Tumors have several mechanisms to escape from the immune system. One of these involves expression of intracellular anticytotoxic proteins that modulate the execution of cell death. Previously, we have shown that the serine protease inhibitor (serpin) SPI-6, which inactivates the cytotoxic protease granzyme B (GrB), is capable of preventing cytotoxic T lymphocyte (CTL)-mediated apoptosis. Despite its potent antiapoptotic activity, SPI-6 does not prevent membranolysis induced by cytotoxic lymphocytes. We now provide evidence that several colon carcinoma cell lines do resist membranolysis and that this protection is dependent on SPI-6 but also requires expression of a closely related serpin called SPI-Cl (serine protease inhibitor involved in cytotoxicity inhibition).
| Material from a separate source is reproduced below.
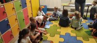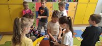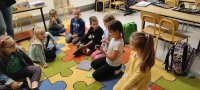 Uczyliśmy się rozpoznawać świat zmysłami - z tej okazji odwiedziła nas p. Monika - szkolny surdopedagog, która opowiedziała nam o tym, jak działają nasze zmysły. Mogliśmy dotknąć materiałów o różnych fakturach, sprawdzić nasz słuch i odgadnąć co kryje się za konkretnymi zapachami. Dowiedzieliśmy się jak poznają świat osoby niewidome i niesłyszące. A na koniec p. Ela zorganizowała nam quiz smakowy. Bardzo podobają nam się akcje organizowane przez Samorząd Uczniowski, dlatego w Dniu Języków Obcych znaleźli się wśród nas przedstawiciele państw europejskich, a Dzień Chłopaka świętowaliśmy na sportowo.

Expression of SPI-Cl is absent from normal colon but observed in placenta, testis, early during embryogenesis, and in cytotoxic lymphocytes. SPI-Cl encodes a chymotrypsin-specific inhibitor and irreversibly interacts with purified granzyme M. Moreover, SPI-Cl can protect cells from purified perforin/GrM-induced lysis. Our data therefore indicate that SPI-Cl is a novel immune escape molecule that acts in concert with SPI-6 to prevent cytotoxic lymphocyte-mediated killing of tumor cells. (C) 2005 by The American Society of Hematology.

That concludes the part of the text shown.